There is so much more to say. Any thoughts on the matter?



  1. Thanks for this important blog installment!
    I thought this piece offered some good insights into what is happening behind the scenes – meant to send it to you a long time ago, before you wrote this.
    Looks like some people are deep into the death cult and established boundaries are being crossed (as happens in a fallen world).
    Euthanasia is being practiced in many countries, including Switzerland (has been for years). I don’t know the statistics, but am not sure it’s being done on a scale that MAID seems to be encouraging.

  2. A good friend just died, but not before weeks and weeks of extreme pain that could not be completely controlled even with drugs that made him almost comatose (his cancer was terminal). I don’t know whether he got his wish to enact MAID, but I do hope he did.
    We’ve had two family members in palliative care and I believe that no one can really understand what that entails unless they have spent time with patients and staff in a setting like that. MAID starts to look like a very attractive alternative to a slow death.

    1. Having sat at my mother’s bedside while she died, I understand how attractive MAID looks. And when it was introduced it was supposed to be only for those already about to die. Now it is being extended to the mentally ill. Then to minors. And there has been suggestion to expend it to infants with disabilities. It seems to me MAID dehumanizes us in suggesting that some lives are not worth living. If I were a cynic I might suggest it was all about health care costs.

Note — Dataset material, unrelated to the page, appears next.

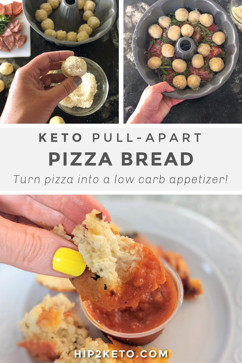 The process of making the pull-apart keto pizza rolls is pretty easy and consists of making a quick fathead dough, rolling it into small balls, and then place the dough balls in a bundt pan with the toppings. When it’s done cooking, you’ll end up with heavenly bite-sized balls of pizza!

      1. It seems like our society on the whole agrees with women that it is “my body, my choice” when it comes to abortion. How can we then deny any person the right to end their life at a time of their choosing?

      2. That’s a logical statement. However, even abortion proponents don’t have consensus on when it should be allowed. So too with MAID. Logically it should be available to all at any time with no restrictions. What right does the state have to tell me it won’t pay for my suicide?

  3. Philip Allan · · Reply

    Apparently 7% of all deaths in Quebec are MAID related.

    Just as with Roxham Rd, where the federal government is now shipping illegal entrants to places like Cornwall and Windsor, it seems what Quebec wants, Quebec generally gets with this government.

    They do have a strong sense of self preservation, so with Quebec pushing for more, I expect we will get more, not less and sooner rather than later.


  4. Neil Remington Abramson · · Reply

    Our mutual friend B chose MAID. As I understand he hoped to avoid the painful and hopeless death experienced by his father. For me, the injustice was that he felt compelled to go earlier than he needed to because of the way the legislation was written. If he had lost his mental competence because of the disease, the MAID would be withheld. At the end, when the doctor comes to do the deed, s/he is required to ask if you still want to go through with it, and if you are not competent to respond in the affirmative, you will be denied.

    While I agree with you about children, and the mentally ill, and no doubt other categories, I think that if a mentally competent person opts for MAID under defined conditions in a notarized living will, perhaps in consultation with medical specialists, and those conditions are met, then MAID should be allowed even if competence has vanished due to the progress of the illness.

    As for waiting for God’s timing, I’m afraid human technology has already interfered to keep people alive despite God’s best efforts to bring a person home. I also observe that various institutions’ incomes depend on keeping old or terminal people alive as long as possible, but without any consideration for those persons’ quality of life. These institutions’ incomes, and the incomes of their employees depend on thwarting the Lord’s efforts to bring us home when it really is our time.

    1. You make a good point about our intended lifespan and about the economic factor. But should we be expanding the criteria further? Why not just make MAID available to anyone with a reasonable expectation of death? Which is all of us.